Узри незримое, вглядевшись в зримое.
Прозрение – это полнота зрения».
Русские считают свою древнюю литературу великой, западные слависты называют ее литературой великого молчания. Бесспорно то, что большую ее часть составляют переводы византийских текстов, разошедшиеся по огромной стране в многочисленных списках. Их качество оставляет желать лучшего: они грешат массой неточностей, произвольными сокращениями, упрощением понятий.

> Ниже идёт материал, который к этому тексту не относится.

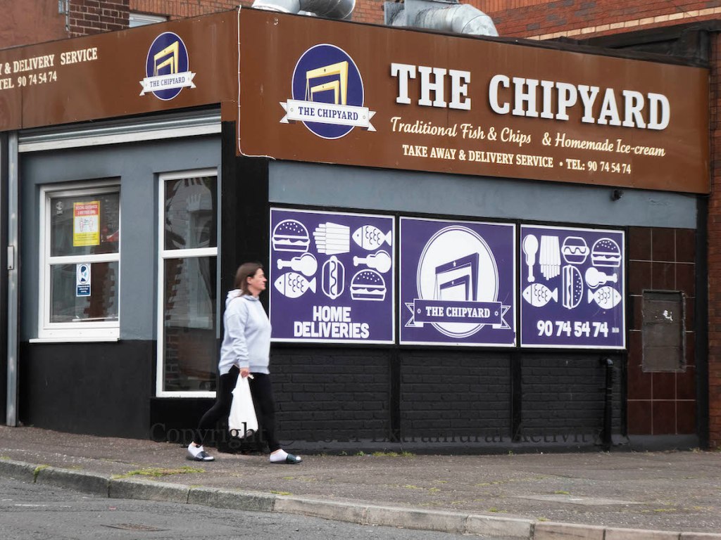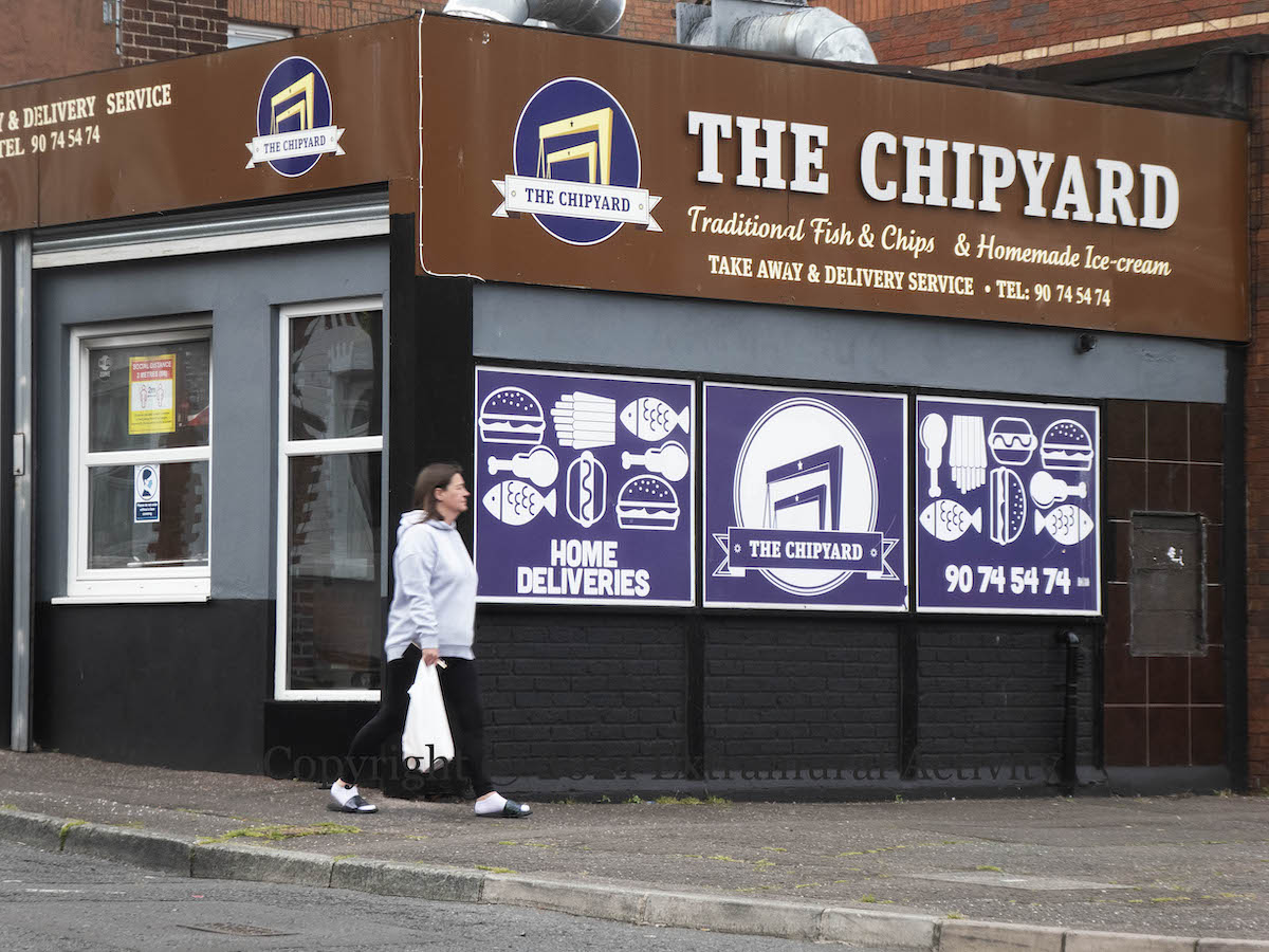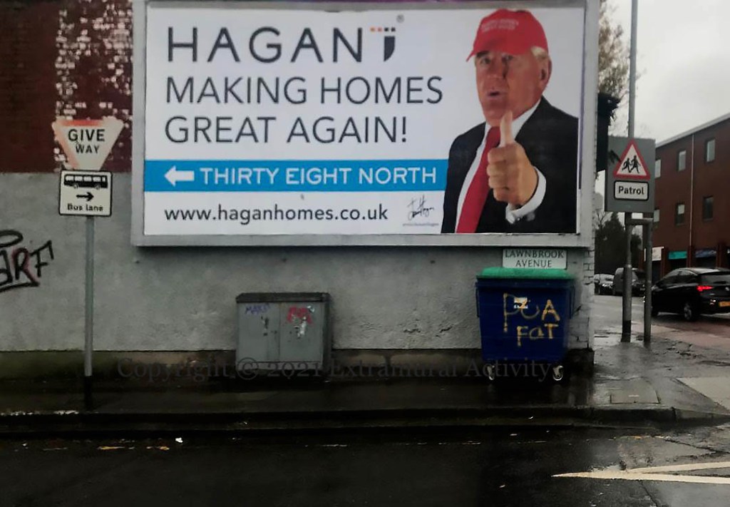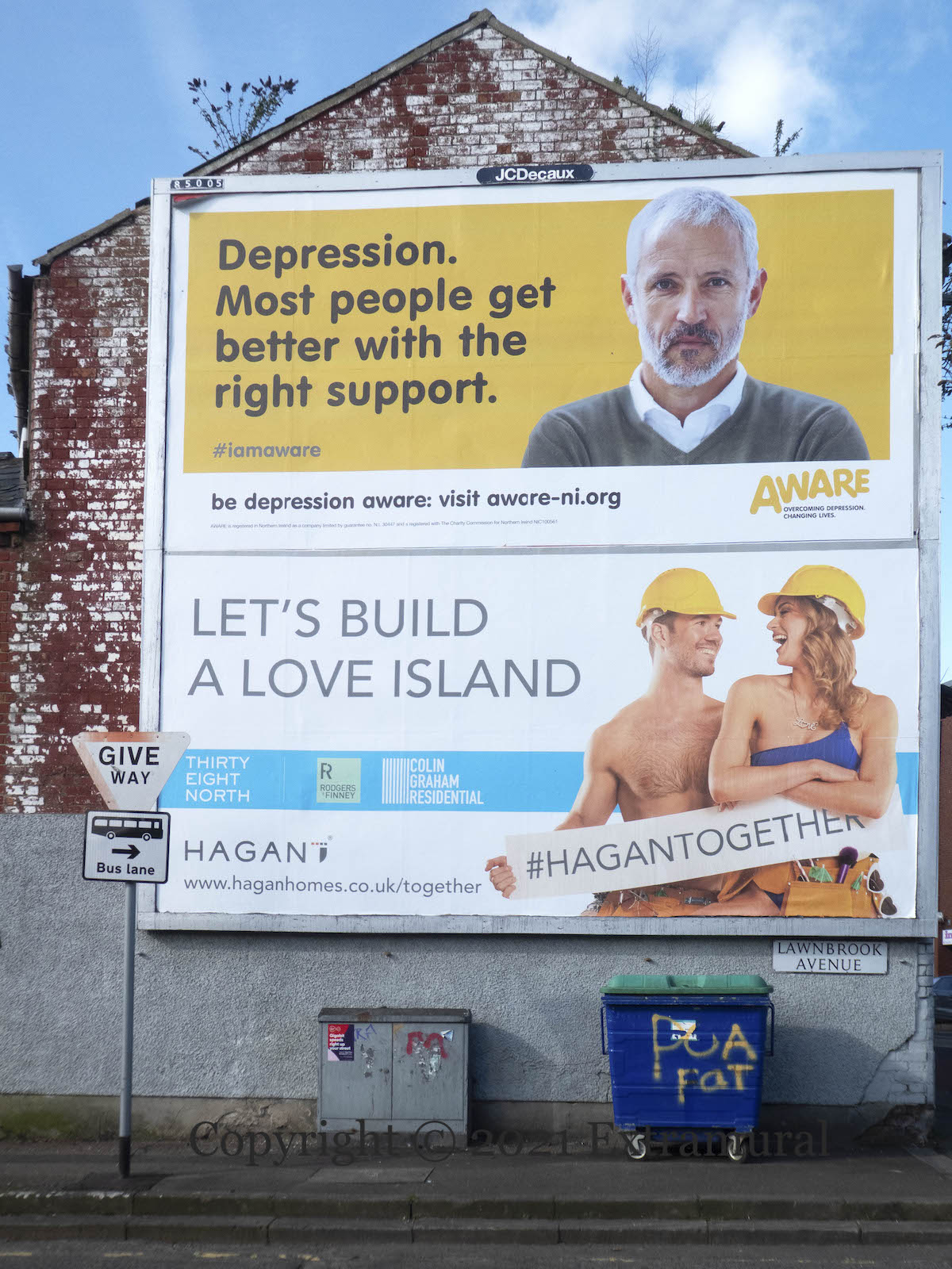The Bellevue steps lead from the Antrim Road to Floral Hall, which served as a concert and dance hall before closing in 1973 and since becoming dilapidated. There have been various plans and calls for redevelopment, even in the last five years (one | two | three) and there is a Facebook group dedicated to restoring Floral Hall, but nothing has happened. As the wide shot (below) shows, the famous steps too are overgrown; the facade at least has been painted with zoo animals, by London artist Irony (ig) (Belfast Media). The lion’s name is Quays (Zoo); the giraffe is called Ballyronan (BelTel); the flamingos’ names are unknown.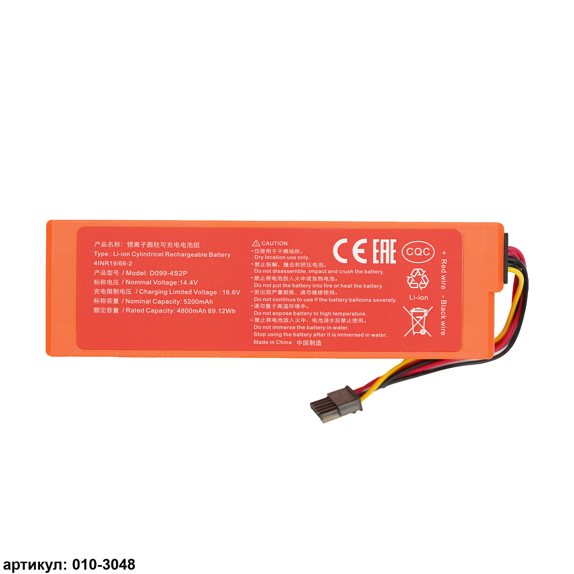 Подходит к пылесосам: Xiaomi MJST1S, MJST1SHW, MJST1S 2 Pro, MJSTP, Mop 2, 2 LDS 2nd, 2 Pro - MJST1SHW, Mi Robot Vacuum Mop 2 Pro Black - BHR5204EU, Mi Robot Vacuum Mop 2 Pro+ - BHR4707GL, Mijia Robot Vacuum-Mop LDS 2 - MJST1S, Robot Vacuum Floor Sweeper and Washer - MJSTP, Vacuum Cleaner Pro - MJSTS1Совместимые p/n: D099-4S2P, 260S-INR-MH1-4S1P, S1-260-4S2P, 260S-INR-MH1-4S2P, NV-XMT200VX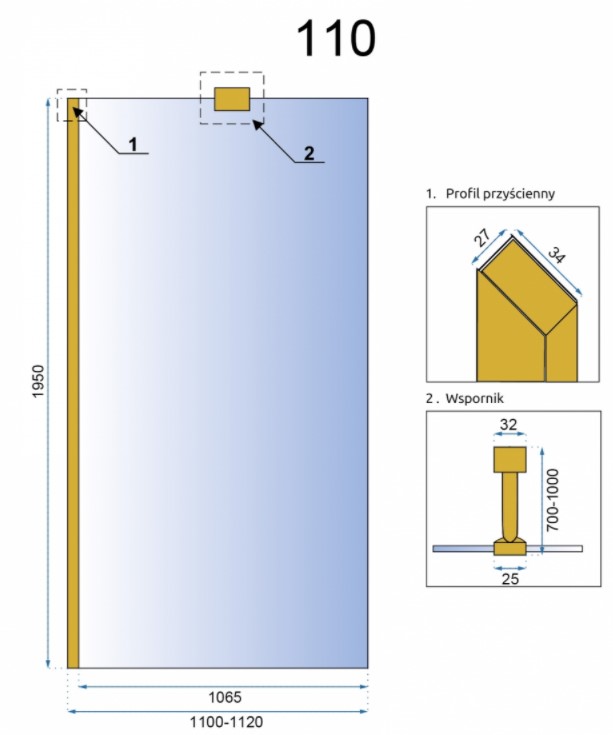 Душевая стенка Rea Aero Gold 110x195 K8441 купить в Бресте, цена

Обращение с текстами в старой России было произвольное. Не только тщательность переводчиков, но и переписчиков оставляла желать лучшего. Списки всегда имеют разночтения, и основное занятие славистов – их исследование. Если несоответствия значительны, можно говорить о разных редакциях. Выявление неизвестной редакции известного текста – уже событие. Шанс обнаружить неизвестный текст настолько мал, что трезвые исследователи его просто исключают. К их категории я не принадлежал.
В 70-е годы, когда я был студентом, самой интересной личностью на филфаке Амстердамского университета считался профессор Рональд Глоун. Он вел семинар по древнерусской литературе. Американец, женатый на голландке, сын австралийца и гречанки, этот человек с перекрестка культур появился на славянском отделении незадолго до меня и успел оживить его своим темпераментом. Его популярность совершенно утвердилась, когда он разместил у себя в кабинете свое собрание старых славянских рукописей и разрешил ими пользоваться студентам.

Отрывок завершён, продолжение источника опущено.